S103, merging the second-level thermal data in the plurality of first partitions according to a third period to obtain third-level thermal data, and transferring the third-level thermal data to the second partitions in the thermal data storage area, wherein the third period is a second multiple of the second period, and the number of the first partitions corresponding to the merged second-level thermal data is equal to the second multiple;
s104, merging three-level heat data in a plurality of second partitions according to a fourth period, and transferring the three-level heat data into a cold data storage area to obtain first-level cold data, wherein the fourth period is a third multiple of a third period, and the number of the merged three-level heat data is equal to the third multiple;
s105, performing format conversion and compression on the primary cold data to obtain secondary cold data, and storing the secondary cold data in a cold data storage area.
The primary thermal data, the secondary thermal data and the tertiary thermal data are all stored in a thermal data storage area in a storage format supporting an HTAP processing mode. The primary cold data and the secondary cold data are stored in a cold data storage area by adopting a storage format supporting an OLAP query mode. The thermal data storage area is a solid state disk. The cold data storage area is a mechanical hard disk.

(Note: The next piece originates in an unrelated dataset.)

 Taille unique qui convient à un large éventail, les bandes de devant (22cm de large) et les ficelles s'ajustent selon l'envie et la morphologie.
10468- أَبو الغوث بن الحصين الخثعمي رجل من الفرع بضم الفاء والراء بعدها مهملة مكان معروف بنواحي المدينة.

Because the data volume is large for the traffic data of the gate and the portal in the traffic data scene and the real-time writing throughput of the data is large, the traditional large data platform is more suitable for processing the large data application of the T+1 period, and the support for the real-time writing of the data is poor. For the big data scene of real-time writing (T+0), the requirement on hardware is generally higher, and larger memory configuration and SSD fixed hard disk storage are required. According to the embodiment of the application, different storage strategies and storage media are adopted for the cold and hot data, and the cold and hot data storage format can be compatible with various MPP engines, so that the associated query of the cold and hot data is realized.

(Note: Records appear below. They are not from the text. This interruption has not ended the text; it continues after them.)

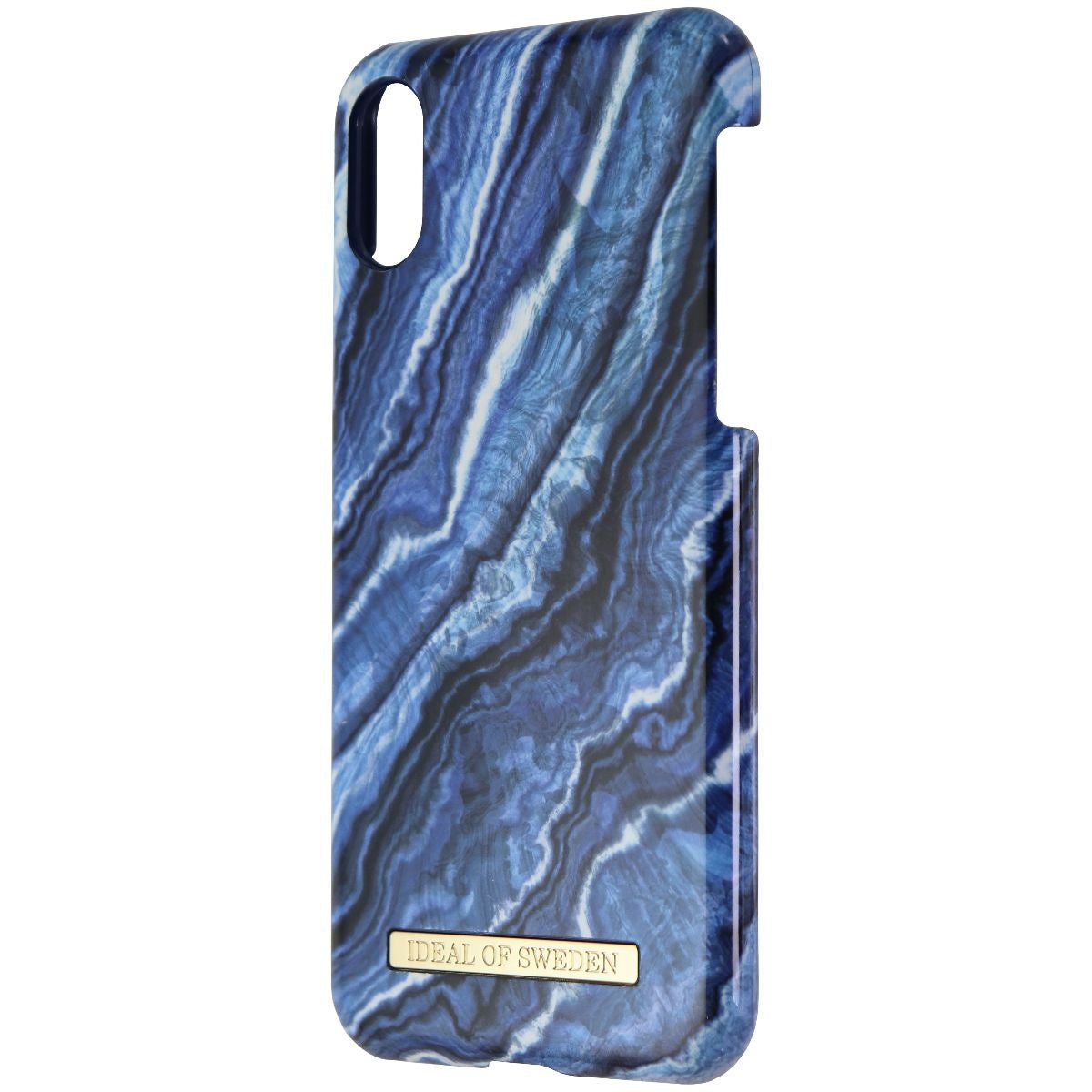 iDeal of Sweden Hard Case for Apple iPhone Xs and iPhone X Smartphones. Indigo Swirl shell with Gold accents.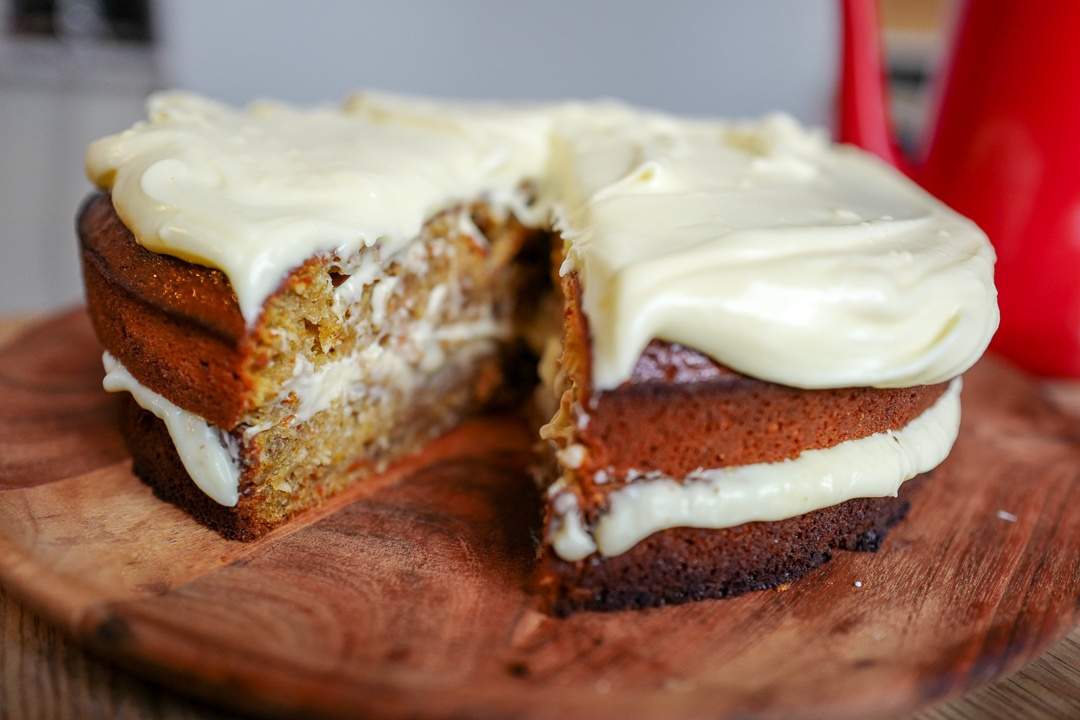Gulrotkaken er veldig saftig og en har klar smak av både kokos, ananas og rom. Til og med i kremen har jeg litt mørk rom. Du må ikke ha det, men jeg kan love at det smaker godt. Det er ikke mye som skal til. Romessens funker sikkert også, men jeg går for ekte saker.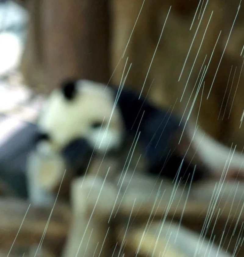2006年1月12日,清迈动物园熊猫馆正在模拟下雨环境,“林惠”在雨中睡觉。

The following is a further explanation of the embodiments of the present application.
Firstly, according to the service life cycle characteristics of data, the hot and cold time ranges of the data are reasonably divided, and the hot data and the cold data are divided. Here, the first cycle is 30 minutes, the second cycle is 1 hour, the third cycle is 24 hours, and the fourth cycle is 6 months.
And the thermal data is written into the thermal data storage program in real time by the data acquisition module through the vehicle passing gate and portal data, and the storage medium is suitable for using the SSD solid state disk.
As shown in fig. 2, since hot data is written in real time and the writing amount is large, a large number of small files are usually generated on a large data platform during hot data writing (one small file is usually generated per writing batch). A large number of small files can affect disk IO read efficiency and create significant stress on the disk during querying and computing, thus requiring the merging of hot data, however file merging can create system chunking. Therefore, it is necessary to partition the hot data according to the data characteristics. And dividing the thermal data into two parts, namely a temporary partition and a formal partition according to the time frequency of data updating for the data of the vehicle passing through the gate and the portal. The temporary partition number and the formal partition number of the hot data are set. The formal partition may be divided into two parts, a first partition and a second partition, respectively. The first partition is used for storing the secondary thermal data combined by hours; the second partition is used to store the three-level thermal data that is merged by day. Wherein the temporary partition may be used to store primary thermal data that is merged for a short period of time, such as primary thermal data that is merged at 30 minutes.
In the temporary partition, data storage is performed for one partition every 30 minutes, namely the temporary partition comprises a plurality of 30-minute partitions, each 30-minute partition stores different primary thermal data, the partitions of the past 2 30 minutes are combined once every hour, the combined primary thermal data form secondary thermal data, the secondary thermal data obtained after combination are migrated to the first partition, and the 2 30-minute partitions and the corresponding primary thermal data in the temporary partition are deleted.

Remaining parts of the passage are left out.